Stored data entries
+ + + +
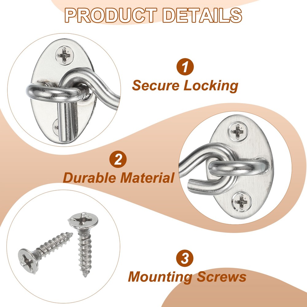 Document What is this?Hook eye latch, which is widely used in cabinets, sliding barn doors, cabin doors, swing windows, garages, sheds, gate, back doors, closet doors, front porches, fences, cabinets, shutters, alloy windows, etc., to secure the door by hooking the latch into the eye plate, thereby providing privacy and security.What will I get?The package contains 2 hook and eye latches, with 8 mounting screws. The door latch length is 8.5 cm / 3.3 inch; the mounting plate size is (W*H*Thickness): 40x21x2 mm /1.6 x 0.8 x 0.08 inch, the center distance is 27 mm / 1.1 inch, and the screw length is 15mm / 0.6 inchAre there any advantages of the product?The latch hook adopts the end hook design, which will not automatically unlock due to the push of the door, ensuring security and privacy.The stainless steel electroplating process makes the hook and eye latch durable, not easy to rust or breakage, and can be used for a long time in various weather environments.How to use it?Install the eye plate on the door frame and the hook latch on the corresponding door edge, aligning to ensure proper engagement.Close the door and hook the latch into the eye plate to secure the door in place.To unlock, simply lift the hook from the eye plate to release the door.What should I notice?Please confirm the door latch size is suitable for your door before placing an order. 2 Set Hook and Eye Latch Barn Door Lock Gate Latch 3" with Screws Silver What is this? Hook eye latch, which is widely used in cabinets, sliding barn doors, cabin doors, swing windows, garages, sheds, gate, back doors, closet doors, front porches, fences, cabinets, shutters, alloy windows, etc., to secure the door by hooking the latch into the eye plate, thereby providing privacy and security. What will I get? The package contains 2 hook and eye latches, with 8 mounting screws. The door latch length is 8.5 cm / 3.3 inch; the mounting plate size is (W*H*Thickness): 40x21x2 mm /1.6 x 0.8 x 0.08 inch, the center distance is 27 mm / 1.1 inch, and the screw length is 15mm / 0.6 inch Are there any advantages of the product? The latch hook adopts the end hook design, which will not automatically unlock due to the push of the door, ensuring security and privacy. The stainless steel electroplating process makes the hook and eye latch durable, not easy to rust or breakage, and can be used for a long time in various weather environments. How to use it? Install the eye plate on the door frame and the hook latch on the corresponding door edge, aligning to ensure proper engagement. Close the door and hook the latch into the eye plate to secure the door in place. To unlock, simply lift the hook from the eye plate to release the door. What should I notice? Please confirm the door latch size is suitable for your door before placing an order. Hot Item Payment 1.We accept eBay payment . 2.Payment must be received within 7 business days of auction closing. Shipping 1.We ship to your eBay or Paypal address. Please make sure your eBay and Paypal address is correct before you pay. 2.Items will be shipped within 1-3 business day when we received payment. 3.Delivery time depends on destination and other factors. Description Policy 2 Set Hook and Eye Latch Barn Door Lock Gate Latch 3" with Screws Silver What is this? Hook eye latch, which is widely used in cabinets, sliding barn doors, cabin doors, swing windows, garages, sheds, gate, back doors, closet doors, front porches, fences, cabinets, shutters, alloy windows, etc., to secure the door by hooking the latch into the eye plate, thereby providing privacy and security. What will I get? The package contains 2 hook and eye latches, with 8 mounting screws. The door latch length is 8.5 cm / 3.3 inch; the mounting plate size is (W*H*Thickness): 40x21x2 mm /1.6 x 0.8 x 0.08 inch, the center distance is 27 mm / 1.1 inch, and the screw length is 15mm / 0.6 inch Are there any advantages of the product? The latch hook adopts the end hook design, which will not automatically unlock due to the push of the door, ensuring security and privacy. The stainless steel electroplating process makes the hook and eye latch durable, not easy to rust or breakage, and can be used for a long time in various weather environments. How to use it? Install the eye plate on the door frame and the hook latch on the corresponding door edge, aligning to ensure proper engagement. Close the door and hook the latch into the eye plate to secure the door in place. To unlock, simply lift the hook from the eye plate to release the door. What should I notice? Please confirm the door latch size is suitable for your door before placing an order. Hot Item Payment 1.We accept eBay payment . 2.Payment must be received within 7 business days of auction closing. Shipping 1.We ship to your eBay or Paypal address. Please make sure your eBay and Paypal address is correct before you pay. 2.Items will be shipped within 1-3 business day when we received payment. 3.Delivery time depends on destination and other factors.
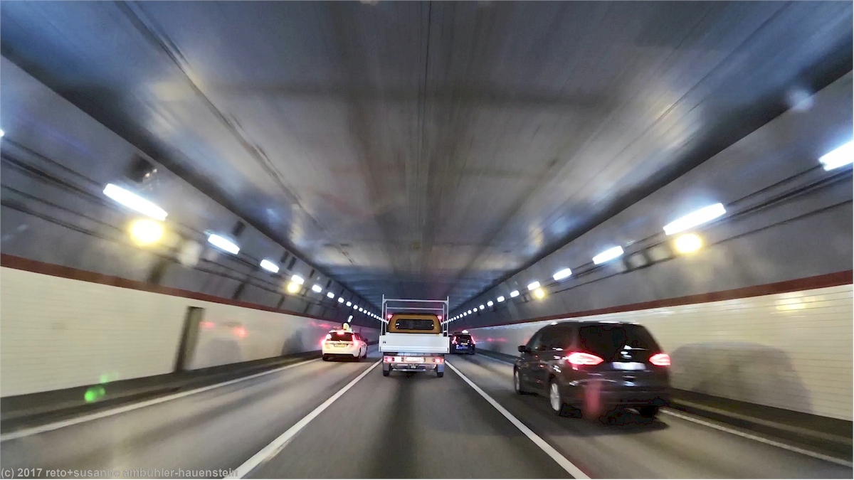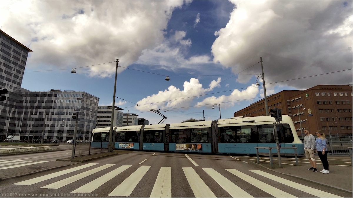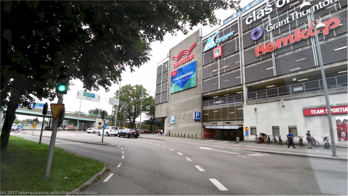 damit haben wir das ländliche schweden definitiv hinter uns. auf der autobahn herrscht reger verkehr mit vielen lastwagen. durch das tingstadstunneln gelangen wir auf die südseite des göta älv. kurz danach verlassen wir die E6 und fahren auf der ullevigatan westwärts richtung stadtzentrum. die letzten stunden vor der abreise an bord der fähre richtung kiel verbringen wir fast jedes jahr in göteborg und wir parkieren stets im einkaufszentrum nordstan. obwohl wir das nun sicher schon weit mehr als zehn mal gemacht haben, ist die anfahrt zum nordstan jedes mal voller überraschungen. immer hat es irgendwo auf dem weg zum einkaufszentrum eine baustelle, so dass wir nie die geplante route fahren können. auch dieses jahr ist es nicht anders. um 12:10 uhr sind wir aber glücklich am ziel. die fahrt durchs parkhaus ist immer wieder ein kleines abenteuer. unser jogi ist 213 cm hoch, die maximale fahrzeughöhe ist am eingang zum parkhaus mit 2.2 meter angegeben, da haben wir nicht viel reserve.
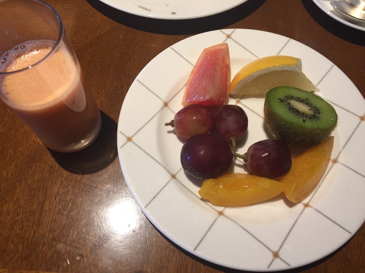 ロイヤルパークホテルに宿泊したので2日続けてこちらで朝食をいただきました。個別でたのむと3000円くらい。70階からの景色はとてもすばらしくお天気も良かったので遠くまでみわたせて景色だけでも十分な価値があります。お味や内容はまあ普通かな。パンとかおかずの種類もそんなに多くはなかったです。新鮮なフルーツが多めだったのがうれしかったです。
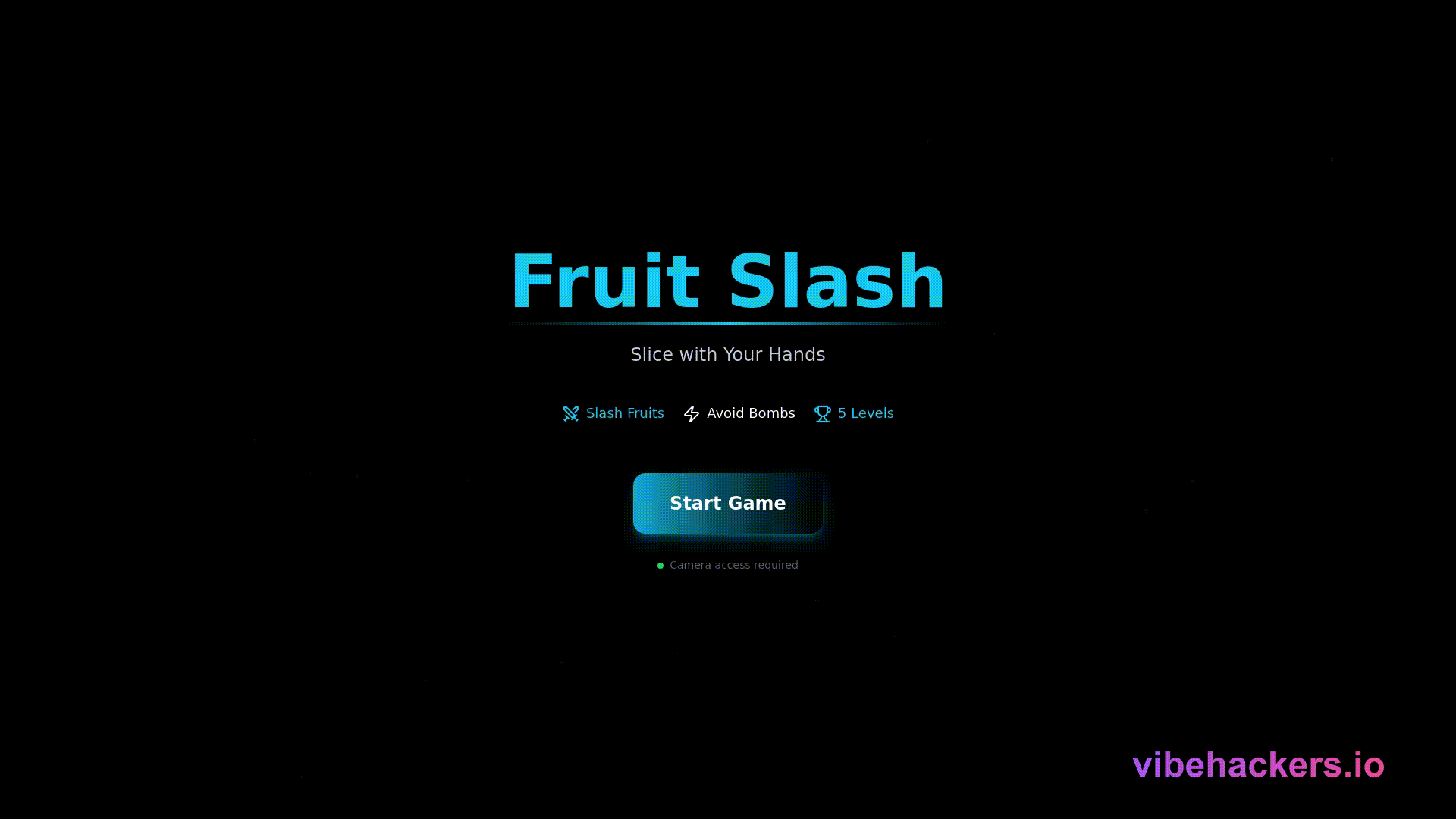 A browser-based hand tracking game where you slash fruits with your finger using your webcam. Avoid bombs, rack up combos, and master 5 intense levels!
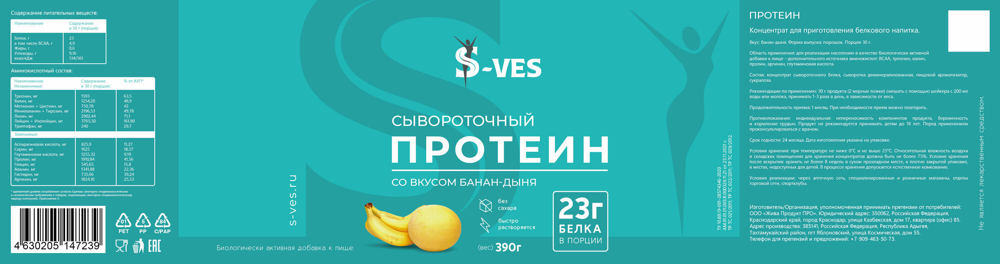 Купить Сывороточный протеин-концентрат банан-дыня S-VES Здоровый продукт 390 грамм
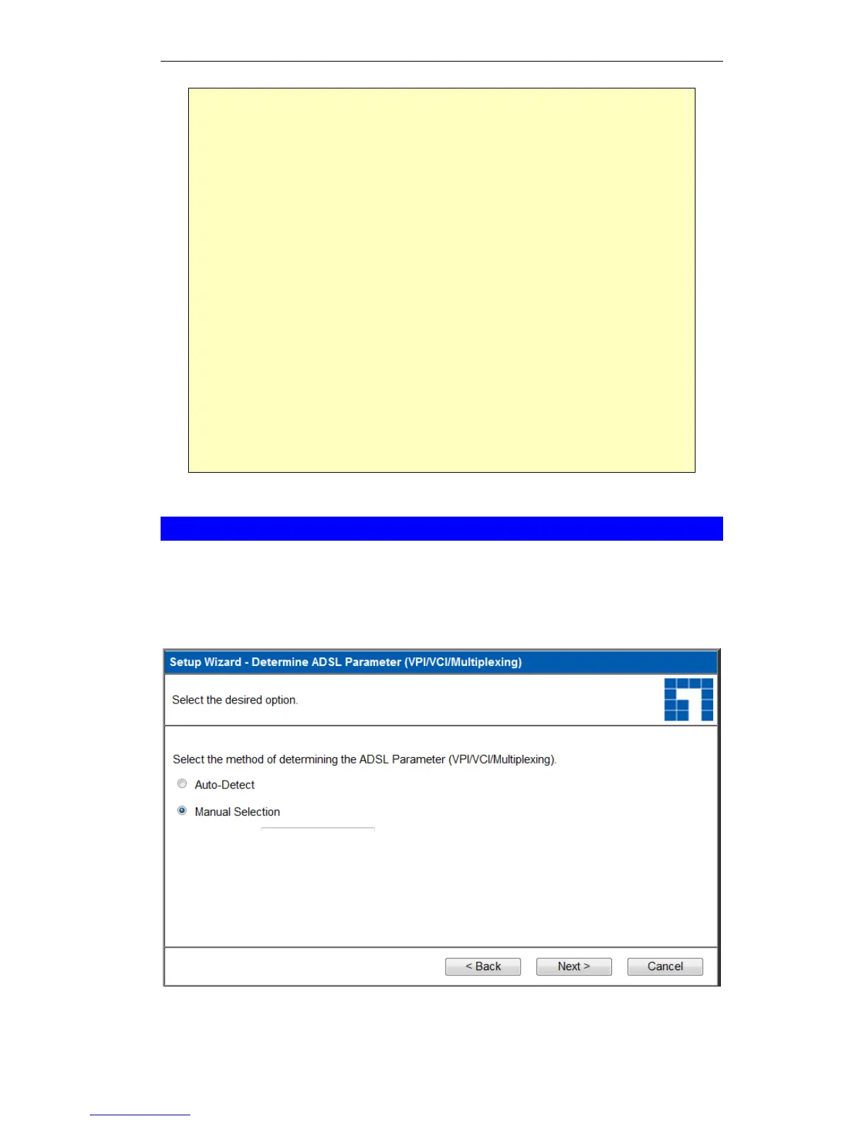 The first time you connect to the Wireless ADSL Router, you should run the Setup Wizard to
+ + + +
■ **Problem description**
With all pictures excluded, output exactly the lines from the one containing "A browser-based hand" through the final line of the entries, inclusive.

■ **Written response**
 A browser-based hand tracking game where you slash fruits with your finger using your webcam. Avoid bombs, rack up combos, and master 5 intense levels!
 Купить Сывороточный протеин-концентрат банан-дыня S-VES Здоровый продукт 390 грамм
 The first time you connect to the Wireless ADSL Router, you should run the Setup Wizard to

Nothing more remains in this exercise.